§ **What to work on**
In this exercise, the entries below include pictures. Repeat exactly the lines from the line with "Show your patriotism." to the line with "Uma adorável aquarela", including both, but without the pictures.

§ **Data**
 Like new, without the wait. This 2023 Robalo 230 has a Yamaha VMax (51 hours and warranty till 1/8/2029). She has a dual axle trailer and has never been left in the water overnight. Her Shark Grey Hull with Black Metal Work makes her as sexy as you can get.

--

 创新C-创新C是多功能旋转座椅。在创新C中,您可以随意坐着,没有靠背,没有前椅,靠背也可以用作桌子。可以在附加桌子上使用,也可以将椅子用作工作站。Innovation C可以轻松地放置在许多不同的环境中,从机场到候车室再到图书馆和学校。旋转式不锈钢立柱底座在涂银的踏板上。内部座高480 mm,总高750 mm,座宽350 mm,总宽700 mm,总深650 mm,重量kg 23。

--

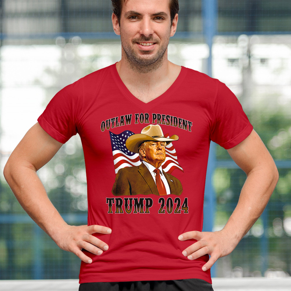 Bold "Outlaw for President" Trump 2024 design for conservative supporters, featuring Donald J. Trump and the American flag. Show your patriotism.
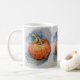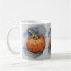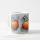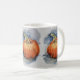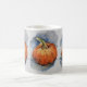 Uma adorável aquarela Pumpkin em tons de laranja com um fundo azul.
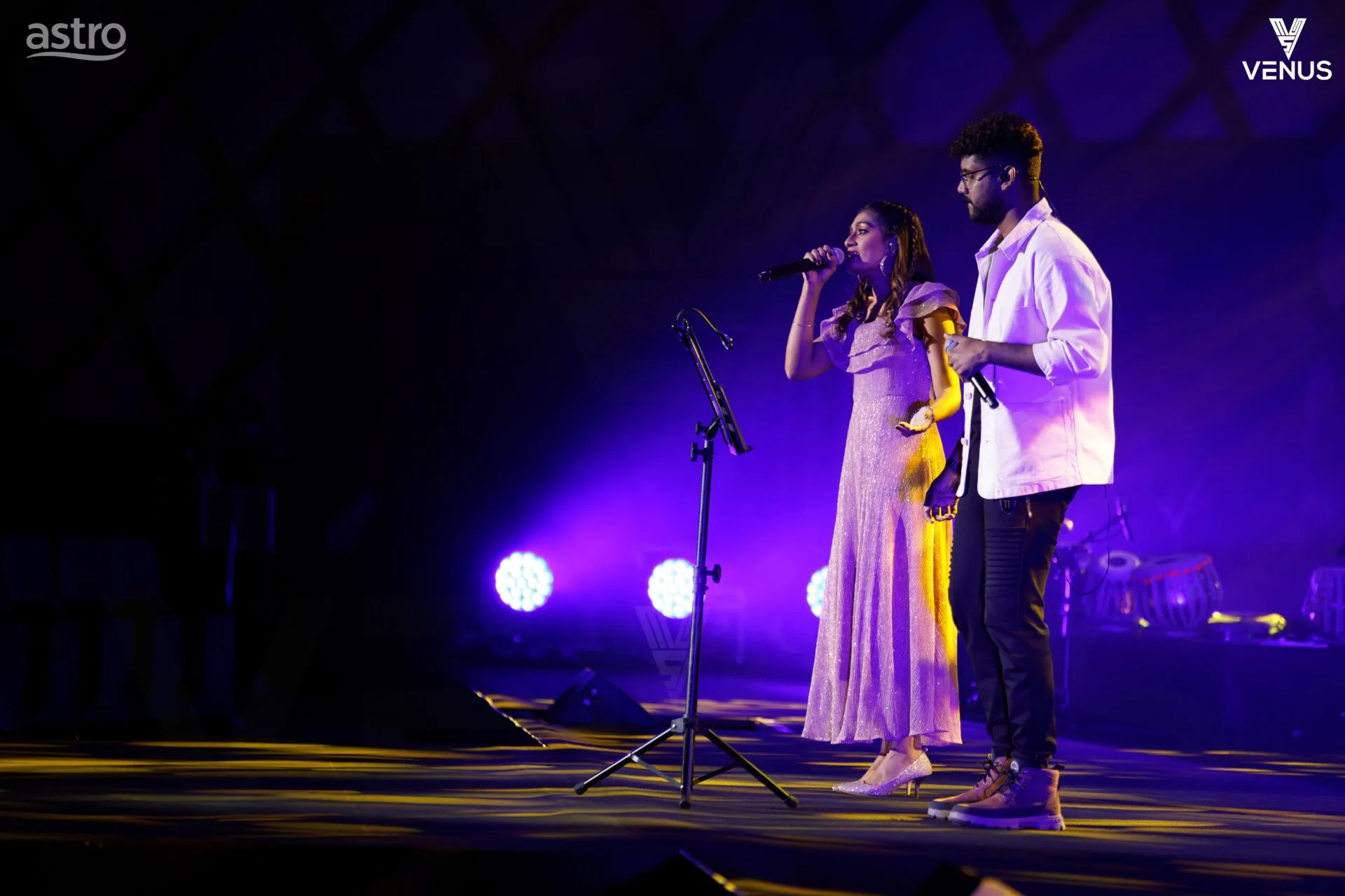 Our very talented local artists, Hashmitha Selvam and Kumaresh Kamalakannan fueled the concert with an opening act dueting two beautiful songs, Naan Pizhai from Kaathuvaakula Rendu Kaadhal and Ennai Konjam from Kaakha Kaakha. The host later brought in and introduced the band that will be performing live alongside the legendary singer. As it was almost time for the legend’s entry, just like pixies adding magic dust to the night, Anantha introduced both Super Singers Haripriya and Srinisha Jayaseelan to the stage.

§ **Task answer**
 Bold "Outlaw for President" Trump 2024 design for conservative supporters, featuring Donald J. Trump and the American flag. Show your patriotism.
 Uma adorável aquarela Pumpkin em tons de laranja com um fundo azul.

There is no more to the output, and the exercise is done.